Exercise inputs:
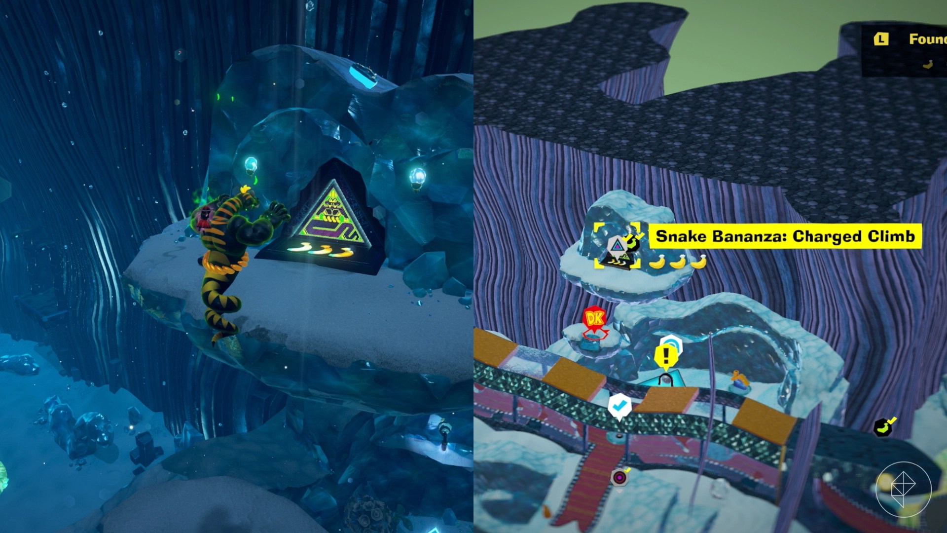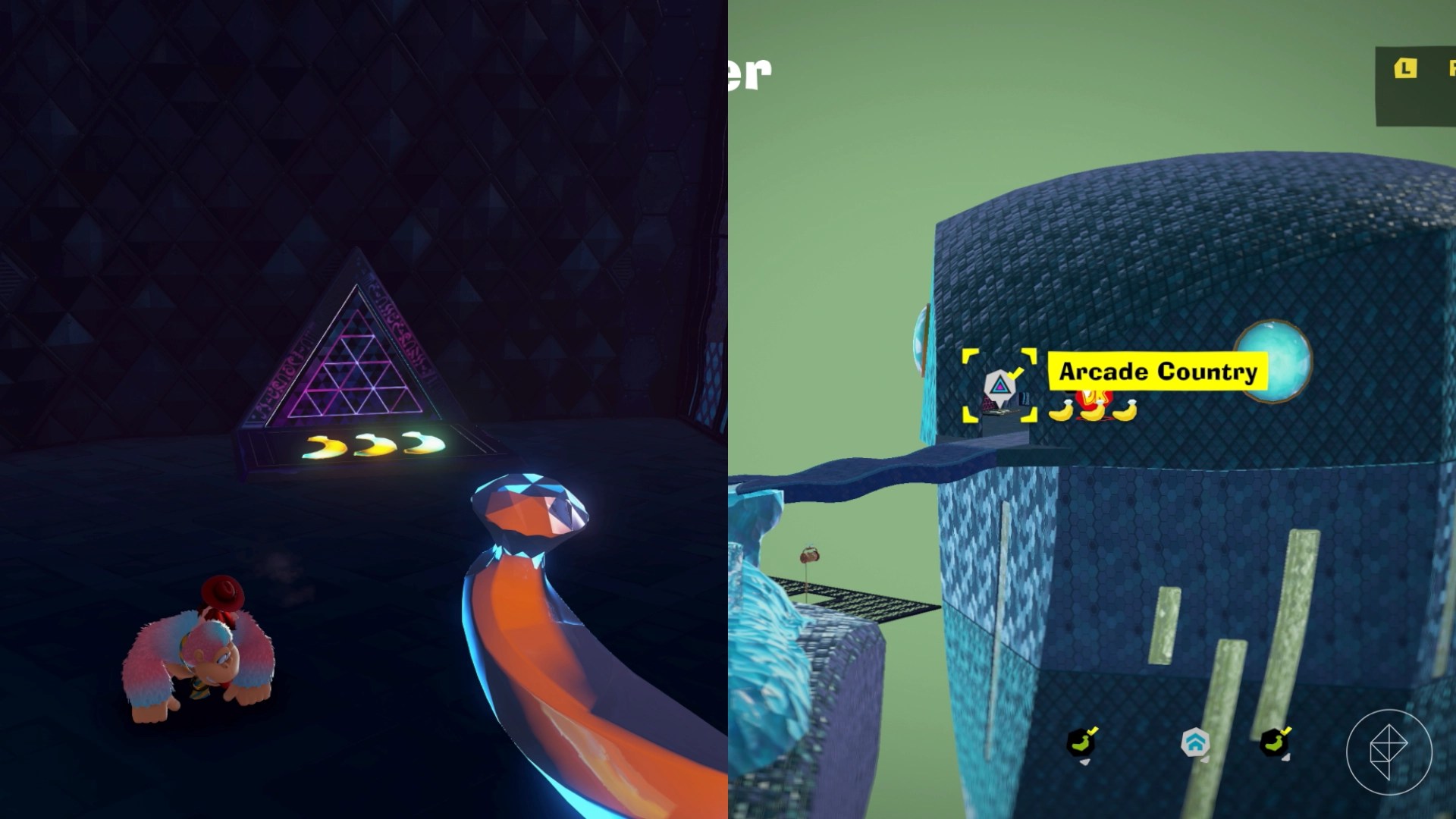 After you’ve turned on the synthetic sun, drop down to the bottom of the Sculptors’ Studio to find the lit up door. Head inside to find a shifty triangle, but before you start, make sure to fill up your bananergy by hitting the nearby melon. Transform into your snake form and hit the challenge to start it. Charge jump your way to the top and destroy the block to get your banana.
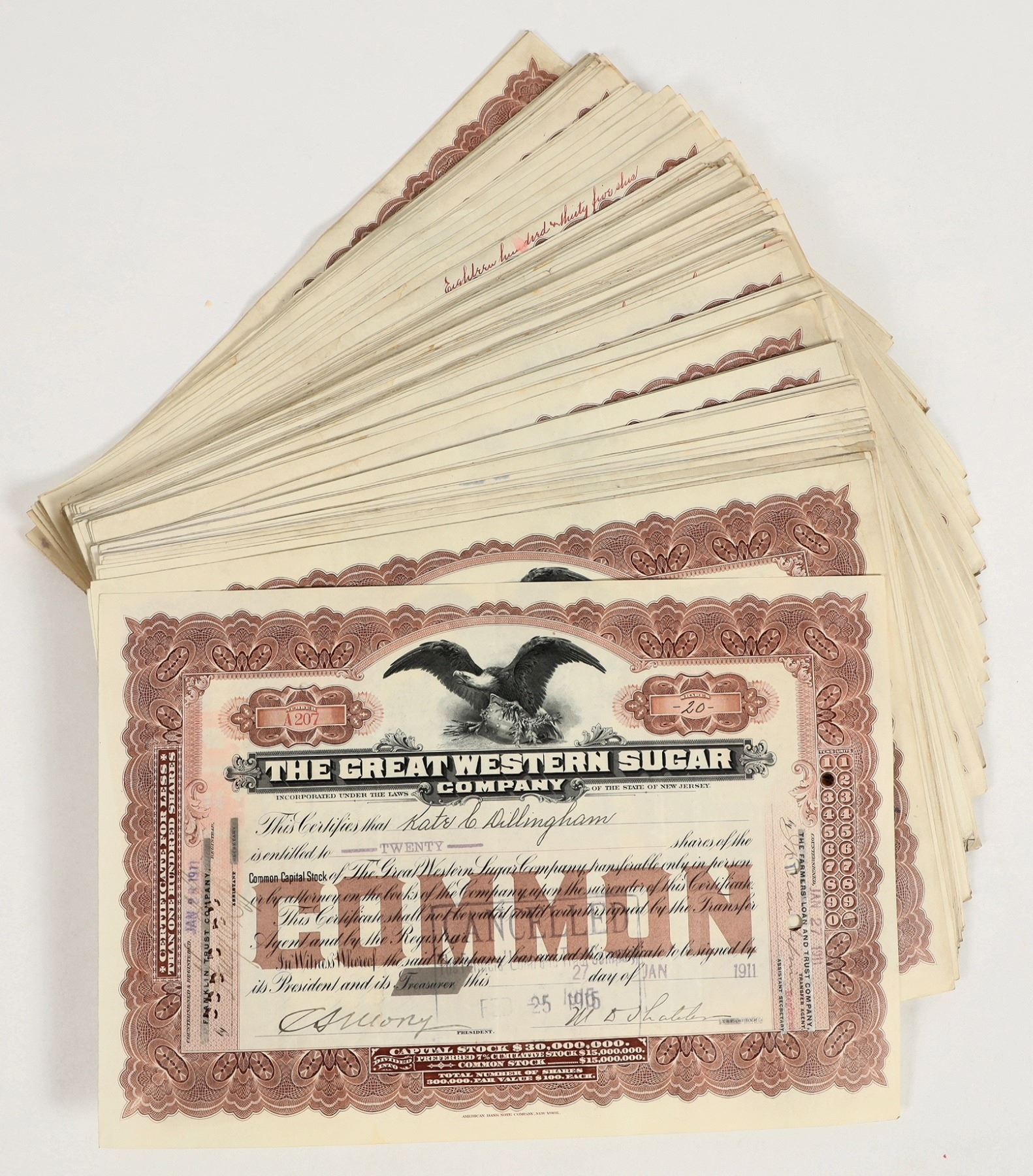 Great Western Sugar Company Stocks c1910-11 About 150 issued, cancelled with endorsements and revenue stamps on some reverses. The Great Western Sugar Company was a pioneering sugar beet producer co-founded in 1900 by Charles Boettcher
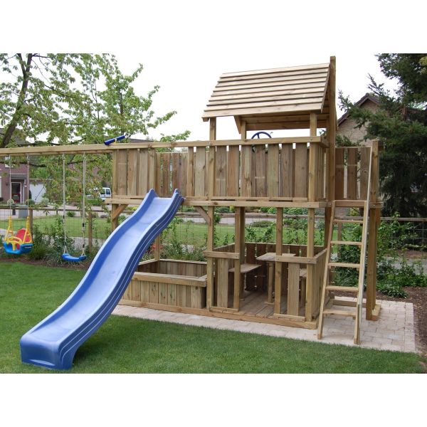 De onderzijde van de speeltoren is voorzien van een houten vloer en hekwerk. De ingang van het hekwerk zit aan de voorzijde. De zandbak is bodemloos.
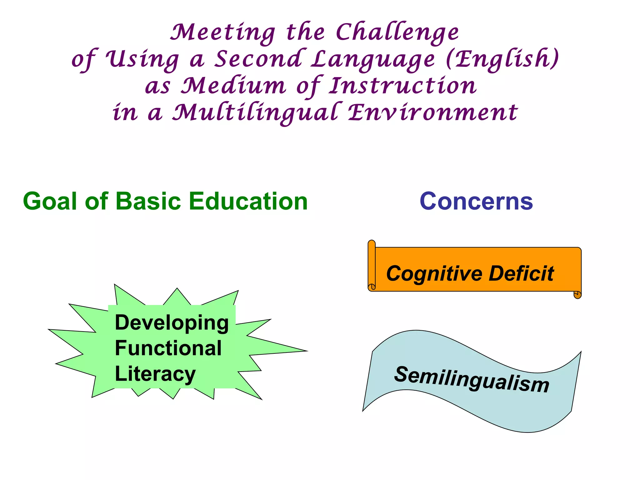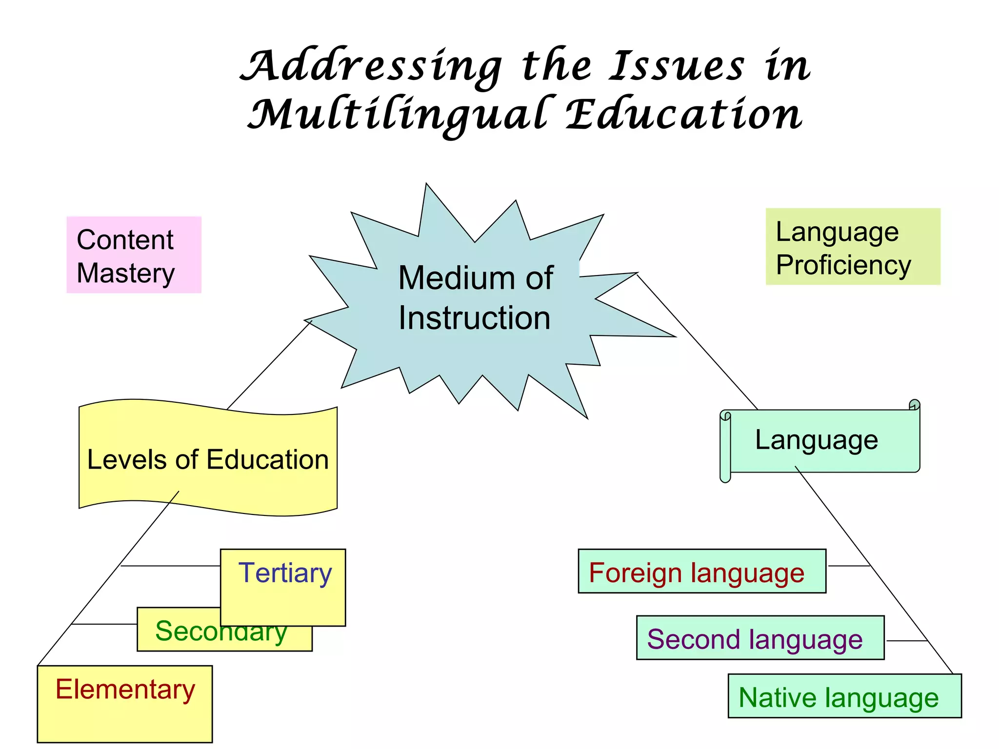 The document discusses issues and approaches regarding multilingual education from preschool through tertiary levels. It addresses using the learner's first language as the primary medium of instruction in early grades to prevent cognitive deficits. In secondary levels, the focus is on developing language skills while allowing code switching. At the tertiary level, content-based and English for Specific Purposes approaches are recommended to develop learner autonomy and content mastery. Discourse analysis techniques are also presented to help learners comprehend dense scientific texts.
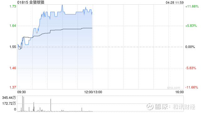 金猫银猫(01815)早盘一度涨近12%,截至发稿,股价上涨10.32%,现报1.71港元,成交额3527.03万港元。
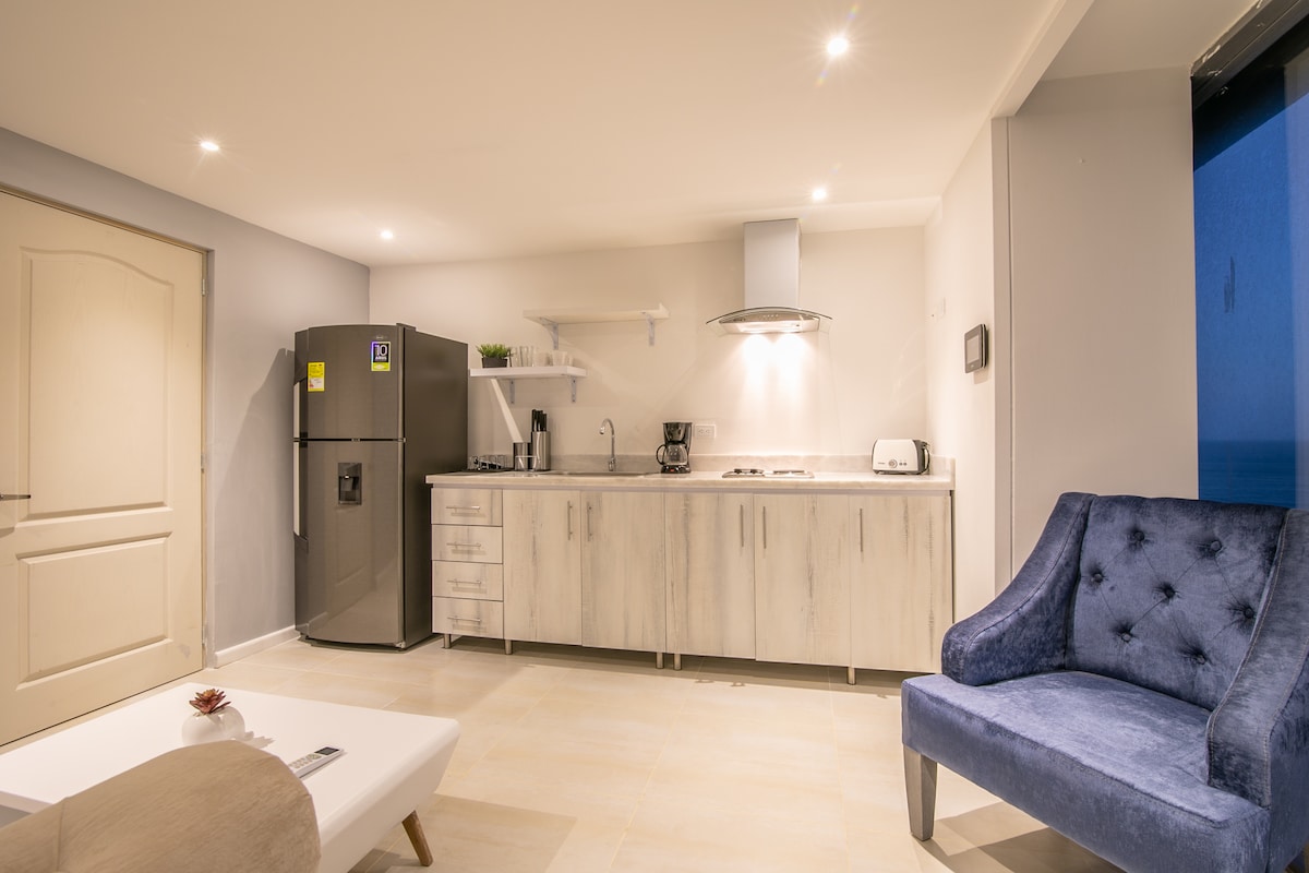 Nag - aalok ang AKA Suites Cartagena ng premium fully furnished apartment na ito sa Bocagrande. Isang magandang tanawin ng dagat na sobrang nakaka - relax. Ang kaginhawaan at kaginhawaan ay nagbabanggaan sa isang sopistikadong modernong estilo. Pumasok sa estilo na may mga granite countertop, porselana tile sahig, karpet sa iyong kama, at isang al fresco balkonahe na magkakaroon ka ng inaabangan ang panahon na pansing isang pagsikat ng araw sa iyong umaga tasa ng kape.

Task directions:
Restate the whole listing exactly as written, minus the pictures.

Written answer:
 After you’ve turned on the synthetic sun, drop down to the bottom of the Sculptors’ Studio to find the lit up door. Head inside to find a shifty triangle, but before you start, make sure to fill up your bananergy by hitting the nearby melon. Transform into your snake form and hit the challenge to start it. Charge jump your way to the top and destroy the block to get your banana.
 Great Western Sugar Company Stocks c1910-11 About 150 issued, cancelled with endorsements and revenue stamps on some reverses. The Great Western Sugar Company was a pioneering sugar beet producer co-founded in 1900 by Charles Boettcher
 De onderzijde van de speeltoren is voorzien van een houten vloer en hekwerk. De ingang van het hekwerk zit aan de voorzijde. De zandbak is bodemloos.
 The document discusses issues and approaches regarding multilingual education from preschool through tertiary levels. It addresses using the learner's first language as the primary medium of instruction in early grades to prevent cognitive deficits. In secondary levels, the focus is on developing language skills while allowing code switching. At the tertiary level, content-based and English for Specific Purposes approaches are recommended to develop learner autonomy and content mastery. Discourse analysis techniques are also presented to help learners comprehend dense scientific texts.
 金猫银猫(01815)早盘一度涨近12%,截至发稿,股价上涨10.32%,现报1.71港元,成交额3527.03万港元。
 Nag - aalok ang AKA Suites Cartagena ng premium fully furnished apartment na ito sa Bocagrande. Isang magandang tanawin ng dagat na sobrang nakaka - relax. Ang kaginhawaan at kaginhawaan ay nagbabanggaan sa isang sopistikadong modernong estilo. Pumasok sa estilo na may mga granite countertop, porselana tile sahig, karpet sa iyong kama, at isang al fresco balkonahe na magkakaroon ka ng inaabangan ang panahon na pansing isang pagsikat ng araw sa iyong umaga tasa ng kape.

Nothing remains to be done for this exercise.